Lieutenant General Sir Edward Peter Strickland, KCB, KBE, CMG, DSO (3 August 1869 – 24 June 1951) was a British Army officer who commanded the 1st Division during the First World War.
[3] He served in the First World War as commanding officer (CO) of the 1st Battalion, Manchester Regiment from 1914 and, promoted in January 1915 to the temporary rank of brigadier general,[4] as commander of the Jullundur Brigade, leading it at the Battle of Neuve Chapelle and at the Second Battle of Ypres.
[2] He was promoted in February to brevet colonel[5] and continued his war service as commander of the 98th Infantry Brigade from late 1915 and then, after being promoted to temporary major general in June 1916,[6] was general officer commanding (GOC) of the 1st Division on the Western Front from 1916 until the end of the war, leading it at the Battle of the Somme in 1916 and the Battle of Lys two years later.

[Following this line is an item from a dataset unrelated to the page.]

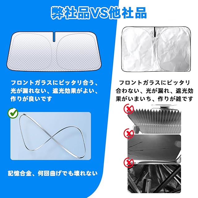 【使いやすい】表面(車外側):シルバー、裏面(車内側):ブラック。使用方法:窓枠にはめ込むだけの簡単取付です。サンバイザーでおさえれば更に簡単に取り付け可能です。跡とかもつきません。収納方法:①サンシェードを二つに折り畳みます。②両端を持ち、8の字に曲げようにひねます。③重ねるように折りたたみ、付属の収納袋に入れて保管します。ご注意:フレーム部分にワイヤーが入っているため、収納袋から取り出す時に折り畳ん状態から商品を開く際に、勢いよく飛び出しますので、十分ご注意ください。

[7] After the war Strickland became commander of the Western Division of the British Army of the Rhine,[2] and then GOC 6th Division in Ireland,[3] in which role he survived an assassination attempt by the Irish Republican Army in Cork in September 1920 before assuming the additional responsibilities of military governor (under Martial law) for the counties of Munster, Kilkenny and Wexford in January 1921.
Barbara, Lady Strickland, was appointed a Dame Commander of the Order of the British Empire (DBE) in 1923.